### Work order
Set down exactly the lines below, starting at the one that contains "ただ、ナチュラルラディアント" and ending at the one that contains "Sibley was chosen", with both of those lines included and nothing else.

### Available records
Start of Block

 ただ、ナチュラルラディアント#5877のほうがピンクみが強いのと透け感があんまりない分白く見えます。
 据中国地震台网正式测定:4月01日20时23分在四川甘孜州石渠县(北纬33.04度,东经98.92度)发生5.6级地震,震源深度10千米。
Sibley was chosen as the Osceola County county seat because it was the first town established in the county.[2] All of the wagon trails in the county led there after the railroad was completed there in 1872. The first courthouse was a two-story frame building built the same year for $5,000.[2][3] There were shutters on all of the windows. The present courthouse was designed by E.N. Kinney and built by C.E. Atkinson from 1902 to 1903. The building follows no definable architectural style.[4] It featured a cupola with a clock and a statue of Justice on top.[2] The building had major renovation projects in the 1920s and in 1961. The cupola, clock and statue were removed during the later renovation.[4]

End of Block
Start of Block

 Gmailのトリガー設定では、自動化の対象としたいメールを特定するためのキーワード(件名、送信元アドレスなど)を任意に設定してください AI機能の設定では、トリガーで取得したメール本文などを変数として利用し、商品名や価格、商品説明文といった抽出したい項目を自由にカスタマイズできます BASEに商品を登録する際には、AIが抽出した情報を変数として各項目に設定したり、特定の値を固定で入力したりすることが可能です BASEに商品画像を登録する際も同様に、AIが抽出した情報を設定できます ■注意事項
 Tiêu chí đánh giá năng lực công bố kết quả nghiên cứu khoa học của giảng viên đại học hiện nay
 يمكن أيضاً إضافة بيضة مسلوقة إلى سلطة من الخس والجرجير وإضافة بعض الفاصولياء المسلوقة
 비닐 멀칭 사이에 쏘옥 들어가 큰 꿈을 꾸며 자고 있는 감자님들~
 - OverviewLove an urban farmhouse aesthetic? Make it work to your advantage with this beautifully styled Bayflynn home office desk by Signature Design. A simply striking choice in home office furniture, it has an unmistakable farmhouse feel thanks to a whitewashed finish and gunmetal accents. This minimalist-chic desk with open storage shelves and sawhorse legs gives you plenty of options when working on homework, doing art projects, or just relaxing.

End of Block

### Your solution
 ただ、ナチュラルラディアント#5877のほうがピンクみが強いのと透け感があんまりない分白く見えます。
 据中国地震台网正式测定:4月01日20时23分在四川甘孜州石渠县(北纬33.04度,东经98.92度)发生5.6级地震,震源深度10千米。
Sibley was chosen as the Osceola County county seat because it was the first town established in the county.[2] All of the wagon trails in the county led there after the railroad was completed there in 1872. The first courthouse was a two-story frame building built the same year for $5,000.[2][3] There were shutters on all of the windows. The present courthouse was designed by E.N. Kinney and built by C.E. Atkinson from 1902 to 1903. The building follows no definable architectural style.[4] It featured a cupola with a clock and a statue of Justice on top.[2] The building had major renovation projects in the 1920s and in 1961. The cupola, clock and statue were removed during the later renovation.[4]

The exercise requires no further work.